Не учуяла. Лишь кинулась морду коровью передником обтирать — там, где последнее пятнышко чёрной крови на белой шкуре запеклось.

— Испачкалась ты, — воркует, — Бурёнушка моя.

***
Вечером я к старшей сестре пристала: скажи да скажи, что видела, когда прошлым летом с Хавроньей на пастбище ходила.

— Ничего не видела, приснула на солнышке, — отпирается и бельмо от меня за прядями волос прячет.

Я гляжу на неё и чувствую: врёт. И ещё знаю: боится. Не меня — Хавронью проклятущую, семя вздорное, сорное.

И такая злость меня взяла — словами не описать. «Погоди ужо, сестрица сводная, — думаю, — за всё сполна с тобой расплачусь».

Стала я сторонкой ходить да приглядываться.

А матушка тем временем нашу младшенькую с Хавроньей на выгон отправила.

И я тихонько следом увязалась. Спряталась за кустами, смотрю: опять колдует, проклятая, коровьи бока оглаживая.

Спит один глазок у сестры моей, спит другой. Только третий на лбу помаргивает, в небо таращится.

Хавронья коровью голову обняла, и тянет-тянет из левого уха бесконечный белый холст. Воздух тихонько потрескивает, плывёт жаркая дымка. Будто здесь мы все: и Хавронья с коровой, и сестра моя, и я, — а будто и не здесь вовсе.
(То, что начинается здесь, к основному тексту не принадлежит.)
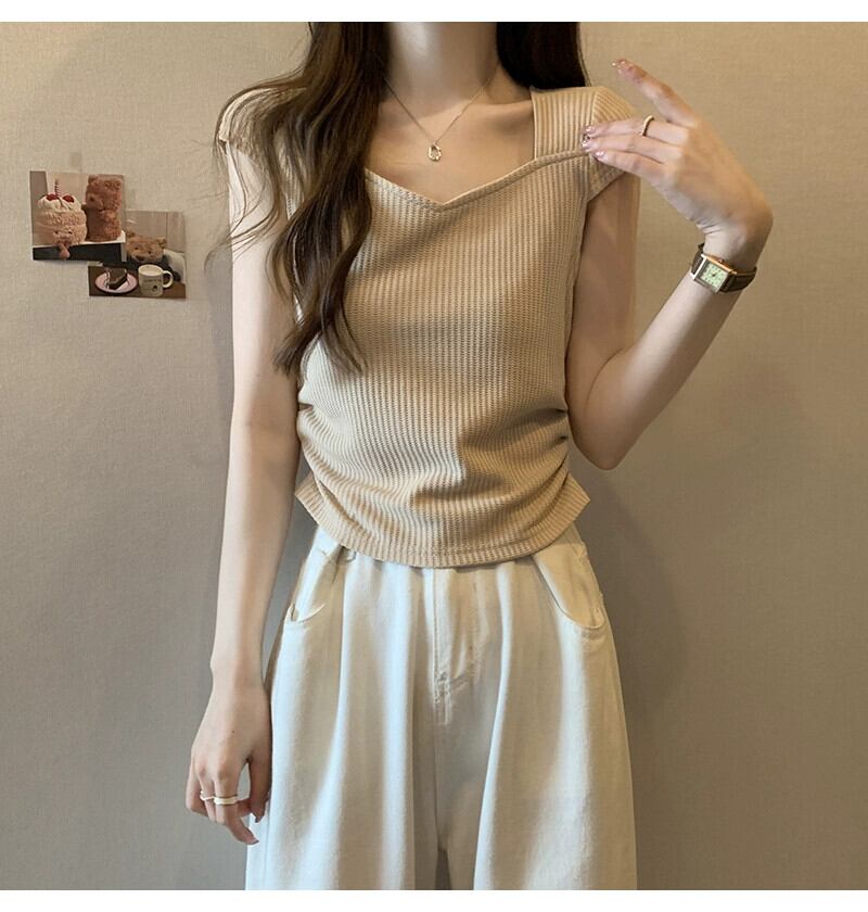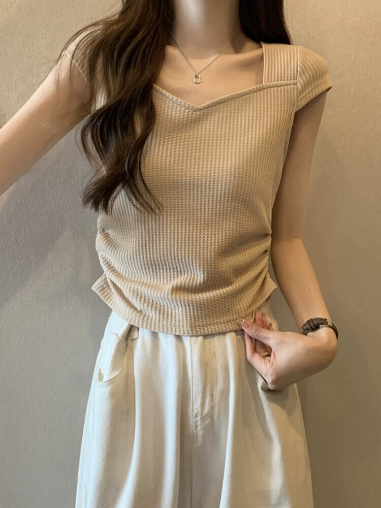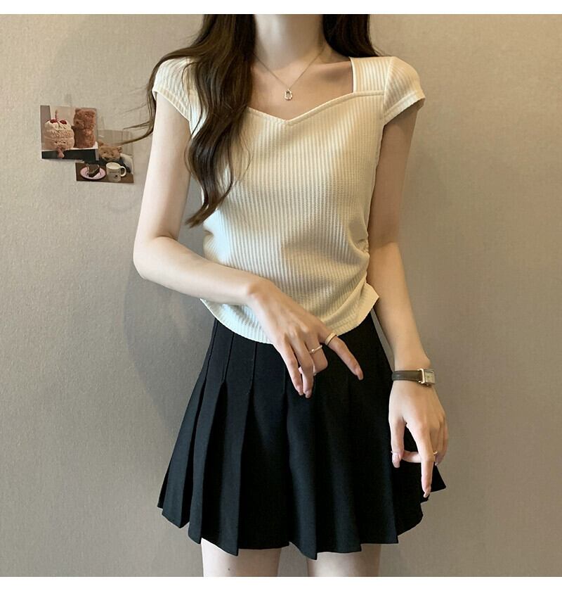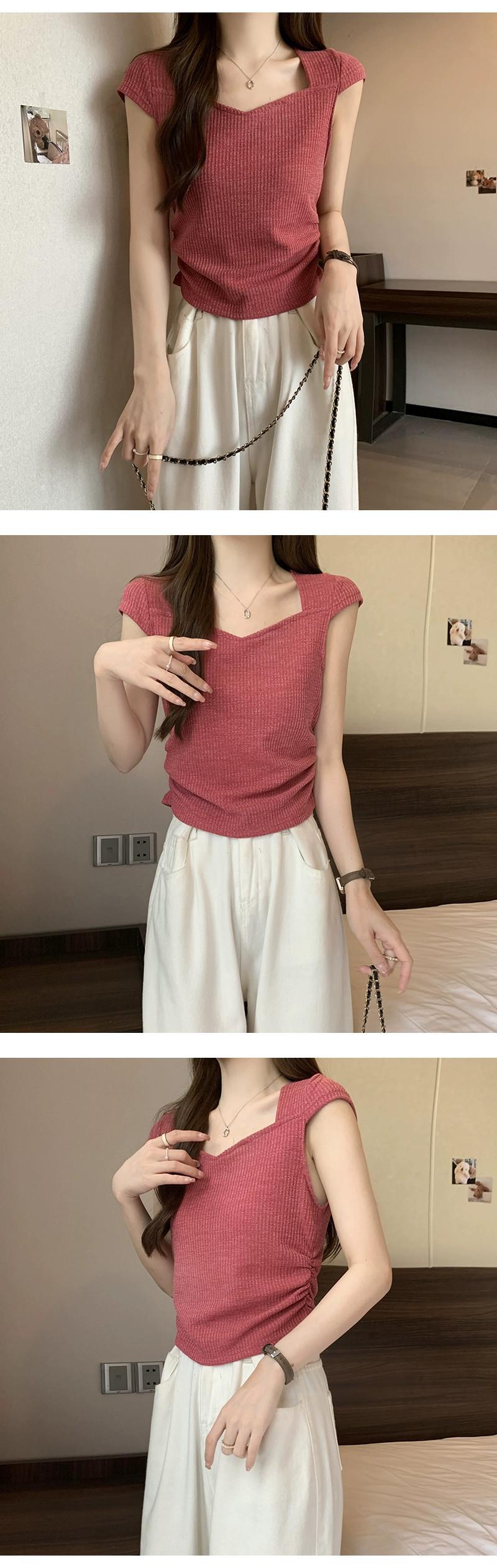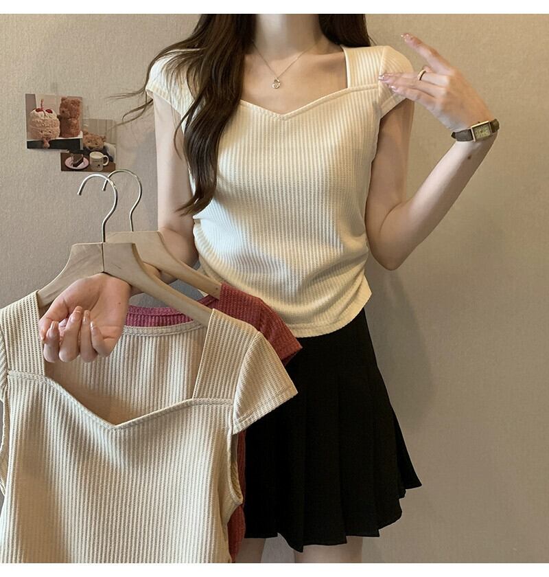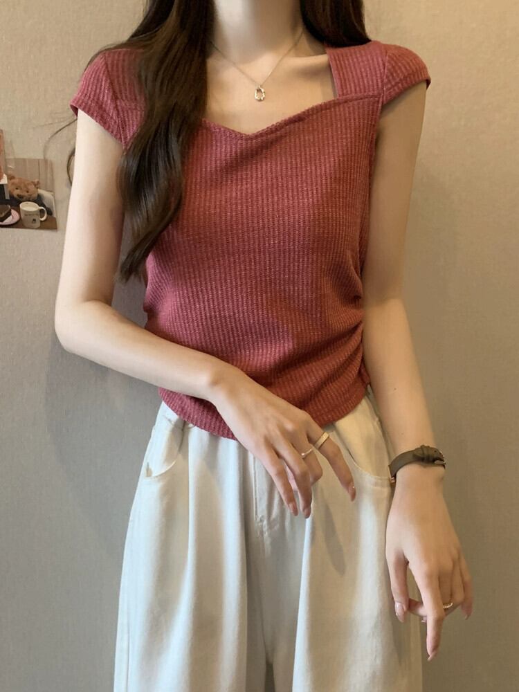 フロントショルダー半袖Tシャツレディース夏フレンチショートセクション自己修養Eignスタイルデザインセンス不規則スリムシックVネックトップ サマー 夏物 7460031926438872 | framboise21

Как солнце полуденный порог миновало, закончилось колдовство. Бабочки запорхали, стрекозы всякие, птичка тонко в ветвях ивы затинькала: «Пить! Пить!»

Будит Хавронья сестру мою, говорит ей, что нужно домой возвращаться. Я в кусты поглубже нырнула, будто и нет меня. А как ушли они, выбралась тихонько на полянку, прошлась по следам, собрала разного: там камешек, там веточку, там льняную ниточку, там шерстинку коровью, — туго-натуго в носовой платок увязала и бегом к старушке-ведунье, что на околице живёт.
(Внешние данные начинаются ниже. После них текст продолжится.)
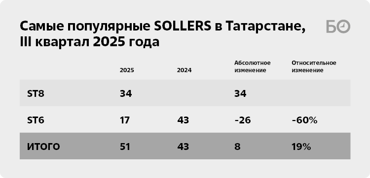 Отдельно выделим группу «Соллерс», которая выпускает автомобили «УАЗ» и Sollers. Если по итогам III квартала 2024 года в РТ было реализовано 67 машин «УАЗ», то в 2025-м — уже 72. Основной прирост дала модель 3163 Patriot — автомобиль повышенной проходимости для эксплуатации на дорогах всех категорий, а также по пересеченной местности. Рыбаками и охотниками Татарстана было приобретено 57 против 36 таких транспортных средств в прошлом году. Еще 14 продаж пришлось на пикап на базе Patriot, а одна — на модель Hunter.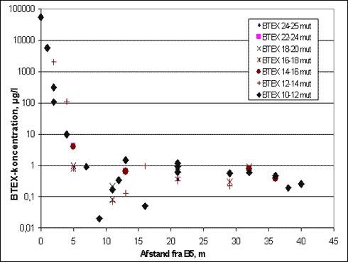 Figur 9.8 BTEX falder ligeledes markant umiddelbart nedstrøms kildeområdet og der ses en klar tendens til aftagende koncentrationer med stigende afstand til kildeområdet (B5), som illustreret på figur 9.8 (bemærk logaritmisk skala). Forudsætningen for, at den observerede koncentrationsreduktion er retvisende, kræver, at koncentrationen i de nedstrøms boringer repræsenterer grundvand fra kildeområdet. En stor nedadrettet stoftransport under kildeområdet, som der er indikation på, betyder at koncentrationerne nedstrøms ikke udtrykker den samlede forureningsmasse. Som nævnt i konklusionen efter fase 1 forventedes der på baggrund heraf en hovedsageligt horisontal forureningsspredning. Der er i modsætning hertil som det fremgår af de præsenterede data observeret en forureningsspredning, der også foregår vertikalt. Hvordan kan dette forklares ud fra forureningens alder og de observerede hydrogeologiske forhold? MTBE er anvendt i Danmark siden 1985, hvorfor dette er det tidligst mulige spildtidspunkt. Undersøgelsen er udført i 2001, hvilket giver en maksimal tid for forureningsspredning på 16 år. Den observerede spredning af MTBE og benzen i dybden kan sandsynliggøres ud fra de overslagsmæssige transporttider, beregnet i afsnit 9.3, idet den samlede transporttid fra terræn til bunden af det sekundære magasin er vurderet til 6-26 år. Det er således muligt at forklare den observerede forureningsspredning ud fra de lokale og regionale hydrogeologiske forhold. Kildestyrken fra moræneleret til det sekundære magasin vurderes overslagsmæssigt til at være 0,1-1 kg/år ud fra en udvaskning på 200 mm/år (vD), en kildestyrkekoncentration på 10-100 mg MTBE/l over et areal på 5m × 8 m. Er forureningen foregået over 16 år, fås en udvasket stofmængde på 1,6-16 kg. Overslagsberegningen er behæftet med væsentlig usikkerhed, idet kildeområdet i moræneleret ikke er afgrænset og forureningens alder er ukendt. Ses på de målte koncentrationer i det sekundære grundvand (figur 9.4 og 9.5) kan den samlede MTBE-masse i det sekundære grundvand beregnes til ca. 1,5 kg ud fra arealer og dybder af isokoncentrationslinier, som angivet på de to figurer. Den fundne masse i det sekundære grundvand svarer således til den nedre grænse for den udvaskede masse fra moræneleret. Derudover er noget af forureningen evt. allerede transporteret ned i det underliggende lag af moræneler. Hvor meget og over hvor lang tid vides ikke. Endelig er en del af MTBE-massen nedbrudt, men igen kan mængden ikke estimeres. Den videre flux mod det primære magasin kan beregnes ud fra 100 µg/l-isolinien, der når bunden af det sekundære grundvand. Med et areal på 25m × 13 m, en koncentration på 100 µg/l og en Darcy-hastighed på 0,75 m/år (se beregning i afsnit 9.2) fås en flux fra det sekundære mod det primære magasin på 24 g MTBE/år. Figur 9.9 Som nævnt er samtlige 60 vandprøver screenet i felten for MTBE og BTEX vha. felt-GC og heraf er 27 prøver udvalgt til laboratorieanalyse for samtlige forureningskomponenter, nedbrydningsprodukter og vandkemiske parametre. Der var god overensstemmelse mellem felt-GC-analyserne og Purge&Trap-analyserne for MTBE, se figur 9.9. Detektionsgrænsen for MTBE på felt-GC er ca. 5-10 µg/l mod 0,1-1 µg/l for Purge&Trap-metoden. Felt-GC'en medtager BTEX, men ikke nedbrydningsprodukter for MTBE. Felt-GC-analyser er attraktive økonomisk og tidsmæssigt, idet prøven analyseres direkte i felten og resultatet derfor modtages med det samme. Således vurderes felt-GC'en at være velegnet til analyse for MTBE alene eller som basis for udvælgelse af prøver, der skal analyseres for nedbrydningsprodukter. Koblingen mellem de to analysemetoder giver mulighed for en hurtig respons og dermed en kontinuert målretning af vandprøveudtagningen i felten. 9.5 NedbrydningVandprøverne er som nævnt analyseret for følgende nedbrydningsprodukter af MTBE; TBA, TBF, isopropanol og acetone. Der er konstateret indhold af alle 4 nedbrydningsprodukter i koncentrationer på op til 1000 µg TBA/l, 66 µg TBF/l, 660 µg acetone/l og 9,6 µg isopropanol/l. De højeste koncentrationer er konstateret i kildeområdet (B5, GB1 og GB2). På profilerne i figur 9.5 og 9.6 er nedbrydningsprodukterne afbildet som sum af MTBE-ækvivalenter, dvs. omregnet vha. molvægten for hhv. nedbrydningsproduktet og MTBE, således at stofferne er umiddelbart adderbare. MTBE og nedbrydningsprodukter er endvidere afbildet på planskitser i bilag 10. Det ses, at den relative andel af nedbrydningsprodukter er højest, hvor MTBE-koncentrationerne er lave. Endvidere ses det, at de højeste koncentrationer forekommer tæt ved kildeområdet i toppen af magasinet og aftager med afstanden herfra såvel som med dybden. I samtlige Purge&Trap-analyserede vandprøver forekommer der indhold af nedbrydningsprodukter (særligt TBA og TBF) svarende til 1-10 % af det totale indhold af MTBE og nedbrydningsprodukter. Stedvist (hvor koncentrationsniveauet er lavt) er denne procentdel oppe på 50-80 %. De observerede indhold af TBA, TBF, isopropanol og acetone indikerer, at der foregår en omsætning af MTBE i det sekundære grundvandsmagasin. Udregnes andelen af nedbrydningsprodukter i forhold til det maksimalt målte MTBE-indhold er procentdelen væsentligt mindre; 0,003 - 3,5%. Således fremgår det, at den observerede reduktion af MTBE ikke modsvares af et tilsvarende indhold af nedbrydningsprodukter. Da MTBE i sidste ende nedbrydes til kuldioxid og vand, kan der ikke forventes massebevarelse for summen af MTBE og nedbrydningsprodukter. Den observerede sum af nedbrydningsprodukter (TBA, TBF, acetone og isopropanol) er dog i det aktuelle tilfælde væsentligt lavere end det observerede koncentrationsfald i moderproduktet (MTBE). 9.6 GeokemiIndholdet af geokemiske parametre i de filtersatte boringer i toppen af magasinet er afbildet i bilag 7. Øvrige geokemiske analyser fremgår af bilag 6B. Koncentrationsfordelinge

— Помоги, — взмолилась, — бабушка! Хоть чем помоги!

Ведунья дунула-плюнула и начала колдовать по-своему: сожгла шерстинку в печи — полыхнул огонь языками лазурными, бросила камешек в миску с водой — упал он на дно каплей багряной, посыпала веточку щепоткой толчёных трав — выгнулась веточка в пальцах, изломалась, в труху рассыпалась. А ниточка и вовсе в воздухе льдинкой истаяла, будто и не было её никогда.

Стоит ведунья, руками разводит: «Колдовство есть, но какое — мне, внучка, неведомо».
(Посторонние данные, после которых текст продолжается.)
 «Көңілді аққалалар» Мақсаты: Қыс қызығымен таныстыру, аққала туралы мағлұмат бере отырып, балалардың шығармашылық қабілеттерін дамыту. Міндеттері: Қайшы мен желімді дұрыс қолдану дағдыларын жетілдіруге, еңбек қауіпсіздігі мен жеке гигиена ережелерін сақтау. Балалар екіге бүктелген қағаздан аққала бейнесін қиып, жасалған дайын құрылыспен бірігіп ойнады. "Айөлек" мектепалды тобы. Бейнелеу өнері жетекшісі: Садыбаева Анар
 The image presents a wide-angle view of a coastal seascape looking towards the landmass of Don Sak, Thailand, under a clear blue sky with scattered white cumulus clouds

Вернулась я домой, по пути охапку цветов полевых набрала, чтобы Хавронье глаза отвести. И как чуяла — встретила она меня у ворот.

— Где ходила, сестрица милая?

Я ей букетом в нос тычу: гуляла, мол.

А она:

— И где это такие цветы диковинные растут, уж не на краю ли поля, что за околицей у кромки леса раскинулось?

— Везде, — говорю, — растут. Главное — собирай.

А у самой поджилки трясутся, Хавронья-то чуть ли не пыль с моих босых ног обнюхивает и смотрит недобро, с прищуром. Хорошо, что матушка высунулась в окошко да в дом меня позвала. Наругалась, правда, за отлучку самовольную, велела в наказание навоз из свинарника выгребать. Так я бегом побежала, только бы от Хавроньи подальше.

***
Минуло лето, пришла осень, зарядили дожди — мелкие, тоскливые, холодные.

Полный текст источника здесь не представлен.